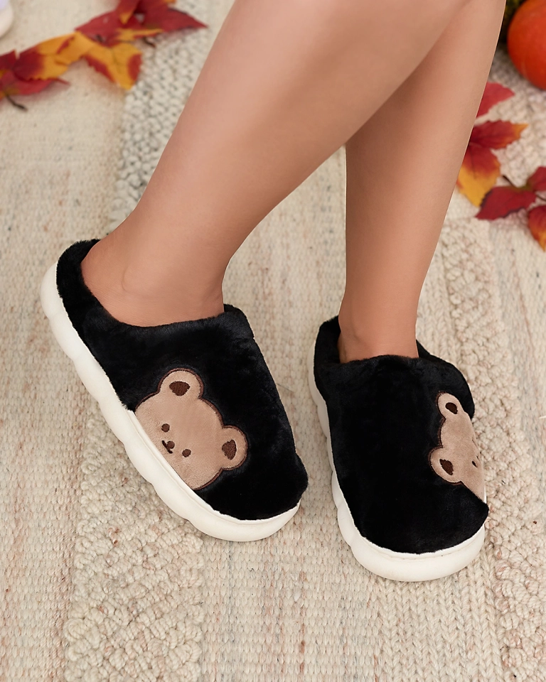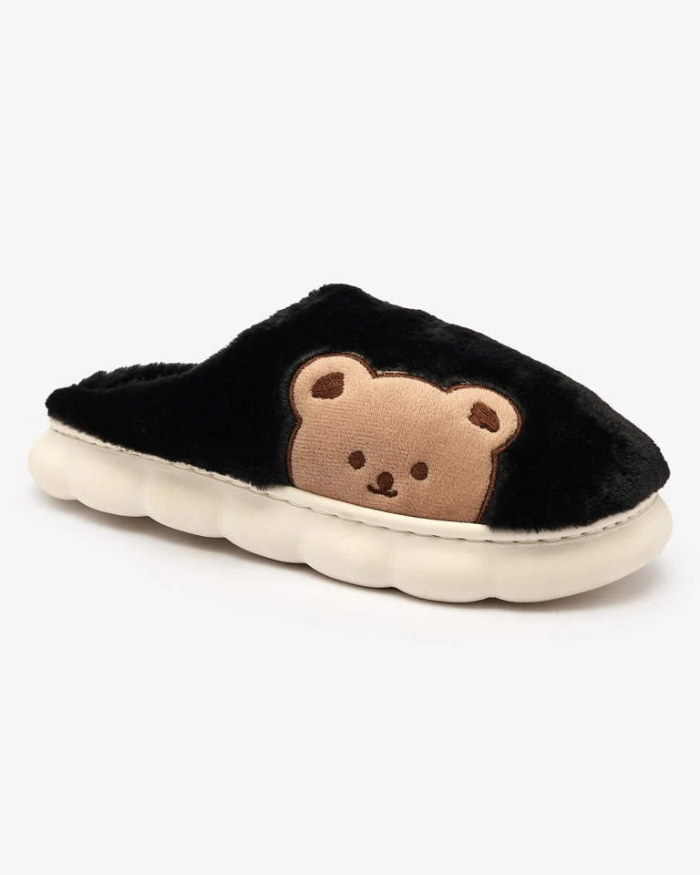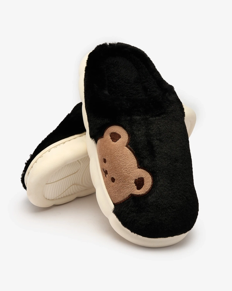 Royalfashion Damskie futrzane kapcie z misiem w kolorze czarnym Fetemes
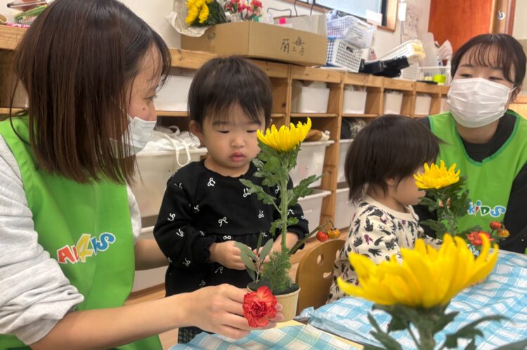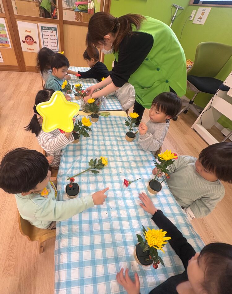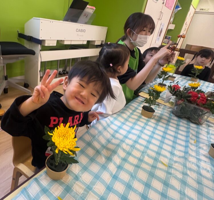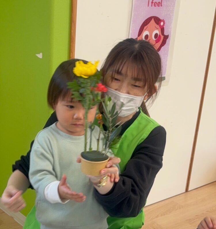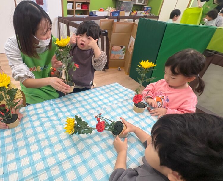 今回のクラス別活動では、フラワーアートと室内遊び・感覚遊び、それぞれの年齢に合った楽しい体験ができました。
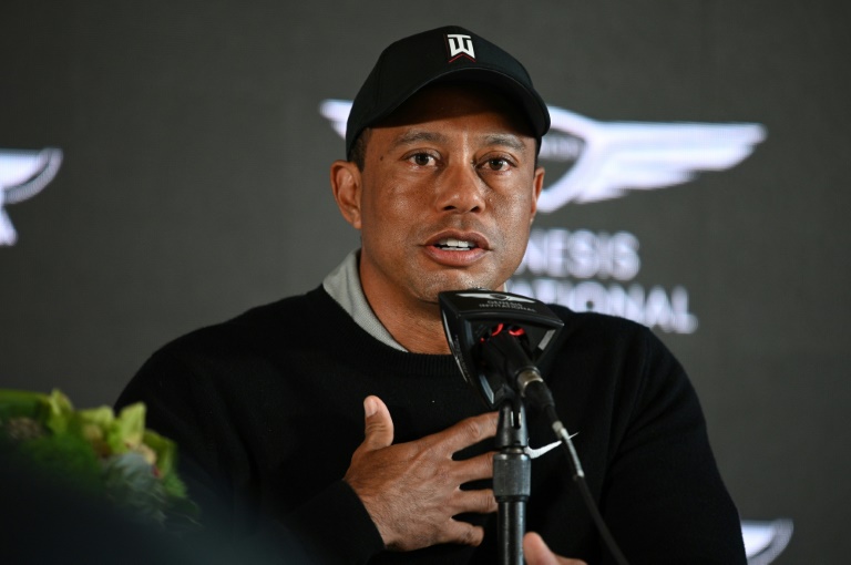 Golf superstar Tiger Woods speaks to the media at the US PGA Tour Genesis Open where he is tournament host © AFP / Robyn Beck
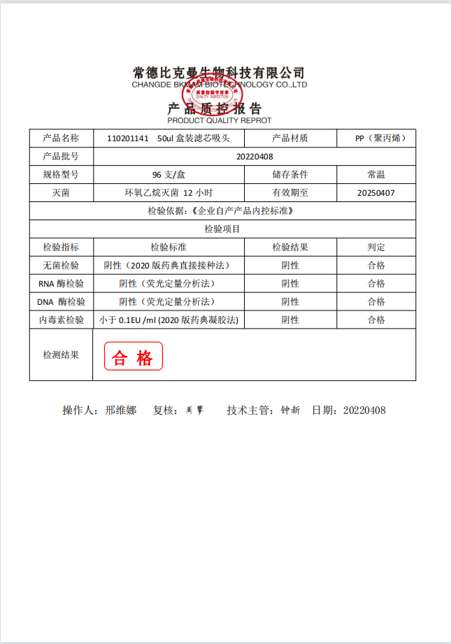 盒装滤芯吸头 50ul 盒装滤芯吸头 96支装 110201141 20220408
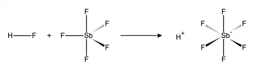 HF eliberează un proton (H+), iar baza sa conjugată (F−) intră în structura anionului SbF−
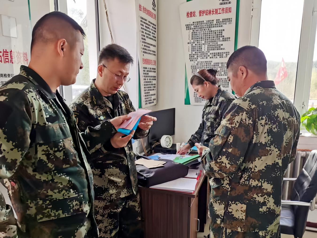 集團評審組檢查管護站的內業(yè)建設(張凱強 攝)
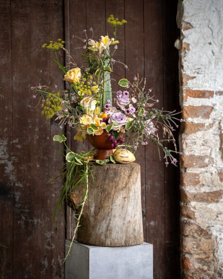 Fall embraces bold contrasts and sculptural elegance with rich color, layered textures, and earthy tones. Featuring standout roses like Free Spirit, Aloha, Brave in Dark, and Exotix Berry, this trend pairs florals with raw, decorative elements for a striking, runway-inspired composition.

■ ■ ■ ■

From the first line of the material down to the line containing "盒装滤芯吸头 50ul 盒装滤芯吸头 96支装 110201141 20220408", inclusive, return each line exactly, skipping any picture.

 Royalfashion Damskie futrzane kapcie z misiem w kolorze czarnym Fetemes
 今回のクラス別活動では、フラワーアートと室内遊び・感覚遊び、それぞれの年齢に合った楽しい体験ができました。
 Golf superstar Tiger Woods speaks to the media at the US PGA Tour Genesis Open where he is tournament host © AFP / Robyn Beck
 盒装滤芯吸头 50ul 盒装滤芯吸头 96支装 110201141 20220408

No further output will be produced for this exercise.